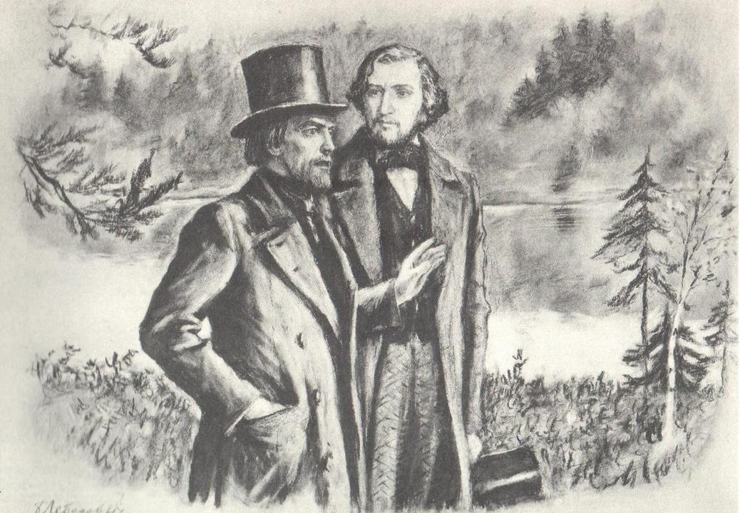 Летом 1844 года Белинский отдыхал на даче в Лесном, а Тургенев — в пяти верстах, в Парголове, и друзья встречались почти ежедневно, проводя большую часть времени в разговорах. Сначала они решали «философские вопросы о значении жизни, об отношениях людей друг к другу и к божеству, о происхождении мира, о бессмертии души». Во всех этих вопросах Тургенев был для Белинского незаменимым собеседником. Не зная ни одного иностранного языка, он многое приобретал из разговоров с друзьями, умея схватывать суть той или иной философской системы и затем развивать её, опираясь на свой талант и духовную одаренность. Тургенев только недавно вернулся из Берлина и мог передать Белинскому «самые последние и свежие выводы».
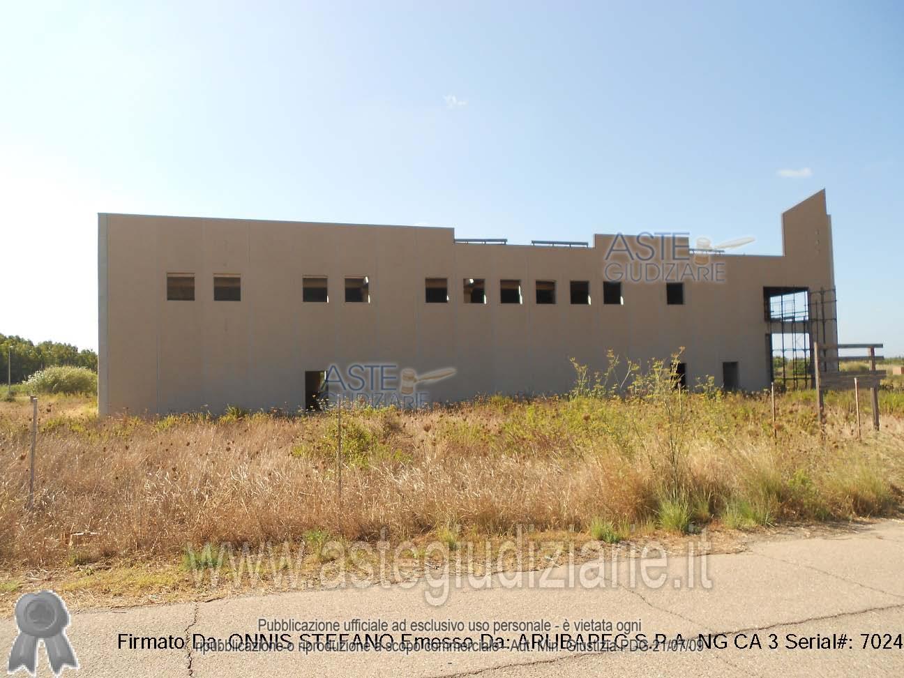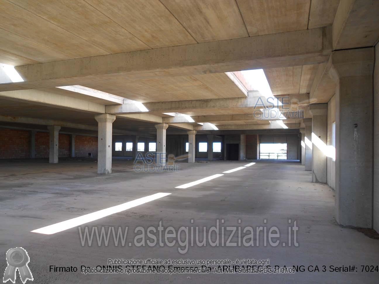 Vendita all'asta Senza incanto, con gara telematica asincrona - LOTTO 1: Full ownership rights of an industrial shed, currently in a raw state, complete only in the prefabricated structural parts consisting of the frame structure, floor slabs, and external walls. The lot, on which the building under construction sits, has a total area of 9,898.30 square meters and is easily accessible through the existing road network. According to the project data, the building had the following characteristics: located in a position almost central to the lot, rectangular in plan, with a covered area of 2,980.21 square meters and hosting rooms arranged on two levels. The outdoor areas are planned for parking, green spaces arrangement, and a logistics area for vehicle parking. . Prezzo base € 195.454,57 (offerta minima € 146.590,93). Data inizio operazioni di vendita: 21/04/2026 ore 11:00. Giudice Dott. Bruno Malagoli. Custode Giudiziario Aste Giudiziarie Inlinea S.P.A. - Email "commissionarioAT@astegiudiziarie.it"; Tel. 0586 201480. Curatore Dott. Gianmario Serri. Rif. Tribunale di Cagliari - Fallimentare (nuovo rito) n. 48/2017
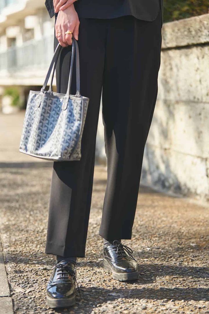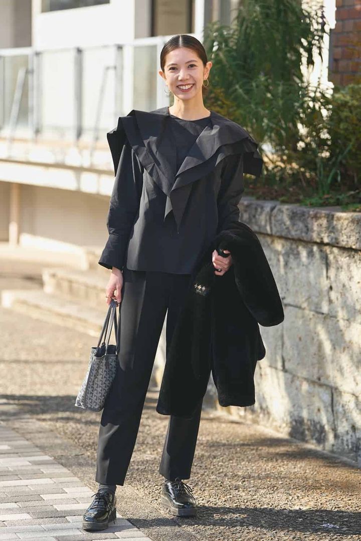 高身長を活かし、甘さを削ぎ落とした潔い辛口スタイルに。黒パンツ×ブラウスも、とろみ素材ではなくハリのあるものを選んで甘さをセーブしています。allurevilleはデザイン性の高い辛口アイテムが見つかるお気に入りブランド。黒パンツはカチッとした場面で使いたいので、スラッとしたシルエットのものを選んでいます。
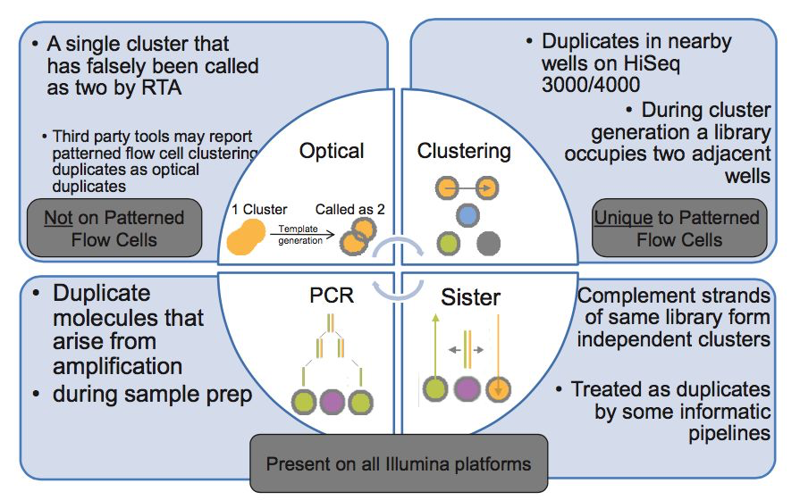 生成测序cluster的时候,某一个cluster中的DNA序列可能搭到旁边的另一个cluster的生成位点上,又再重新长成一个相同的cluster,这也是序列duplicate的另一个来源,这个现象在Illumina HiSeq4000之后的Flowcell中会有这类Cluster duplicates
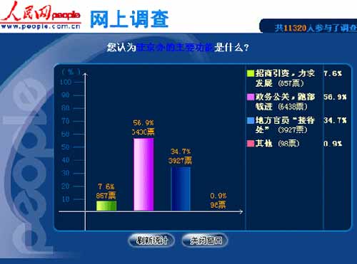 截止4月20日21點,《您認(rèn)為駐京辦主要問題是什么?》共有36079人參與了調(diào)查;在此項調(diào)查中,選項“奢華無度 滋生腐敗”得票最高,為24025票;調(diào)查《您認(rèn)為駐京辦該不該撤銷?》,近九成網(wǎng)友投票認(rèn)為“駐京辦”應(yīng)該撤銷;在調(diào)查《您認(rèn)為駐京辦的主要功能是什么? 》中,有51%的網(wǎng)友認(rèn)為駐京辦的主要功能就是政務(wù)公關(guān),"跑部錢進(jìn)"。
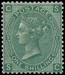 1871 1s green Pl.5. Very fine unused large part o.g. example lettered SC. Well centred with excellent colour. SG117 Cat. £800

------

> Try it: Take the records above and transcribe them exactly, dropping every picture.

> Problem solution:
 Летом 1844 года Белинский отдыхал на даче в Лесном, а Тургенев — в пяти верстах, в Парголове, и друзья встречались почти ежедневно, проводя большую часть времени в разговорах. Сначала они решали «философские вопросы о значении жизни, об отношениях людей друг к другу и к божеству, о происхождении мира, о бессмертии души». Во всех этих вопросах Тургенев был для Белинского незаменимым собеседником. Не зная ни одного иностранного языка, он многое приобретал из разговоров с друзьями, умея схватывать суть той или иной философской системы и затем развивать её, опираясь на свой талант и духовную одаренность. Тургенев только недавно вернулся из Берлина и мог передать Белинскому «самые последние и свежие выводы».
 Vendita all'asta Senza incanto, con gara telematica asincrona - LOTTO 1: Full ownership rights of an industrial shed, currently in a raw state, complete only in the prefabricated structural parts consisting of the frame structure, floor slabs, and external walls. The lot, on which the building under construction sits, has a total area of 9,898.30 square meters and is easily accessible through the existing road network. According to the project data, the building had the following characteristics: located in a position almost central to the lot, rectangular in plan, with a covered area of 2,980.21 square meters and hosting rooms arranged on two levels. The outdoor areas are planned for parking, green spaces arrangement, and a logistics area for vehicle parking. . Prezzo base € 195.454,57 (offerta minima € 146.590,93). Data inizio operazioni di vendita: 21/04/2026 ore 11:00. Giudice Dott. Bruno Malagoli. Custode Giudiziario Aste Giudiziarie Inlinea S.P.A. - Email "commissionarioAT@astegiudiziarie.it"; Tel. 0586 201480. Curatore Dott. Gianmario Serri. Rif. Tribunale di Cagliari - Fallimentare (nuovo rito) n. 48/2017
 高身長を活かし、甘さを削ぎ落とした潔い辛口スタイルに。黒パンツ×ブラウスも、とろみ素材ではなくハリのあるものを選んで甘さをセーブしています。allurevilleはデザイン性の高い辛口アイテムが見つかるお気に入りブランド。黒パンツはカチッとした場面で使いたいので、スラッとしたシルエットのものを選んでいます。
 生成测序cluster的时候,某一个cluster中的DNA序列可能搭到旁边的另一个cluster的生成位点上,又再重新长成一个相同的cluster,这也是序列duplicate的另一个来源,这个现象在Illumina HiSeq4000之后的Flowcell中会有这类Cluster duplicates
 截止4月20日21點,《您認(rèn)為駐京辦主要問題是什么?》共有36079人參與了調(diào)查;在此項調(diào)查中,選項“奢華無度 滋生腐敗”得票最高,為24025票;調(diào)查《您認(rèn)為駐京辦該不該撤銷?》,近九成網(wǎng)友投票認(rèn)為“駐京辦”應(yīng)該撤銷;在調(diào)查《您認(rèn)為駐京辦的主要功能是什么? 》中,有51%的網(wǎng)友認(rèn)為駐京辦的主要功能就是政務(wù)公關(guān),"跑部錢進(jìn)"。
 1871 1s green Pl.5. Very fine unused large part o.g. example lettered SC. Well centred with excellent colour. SG117 Cat. £800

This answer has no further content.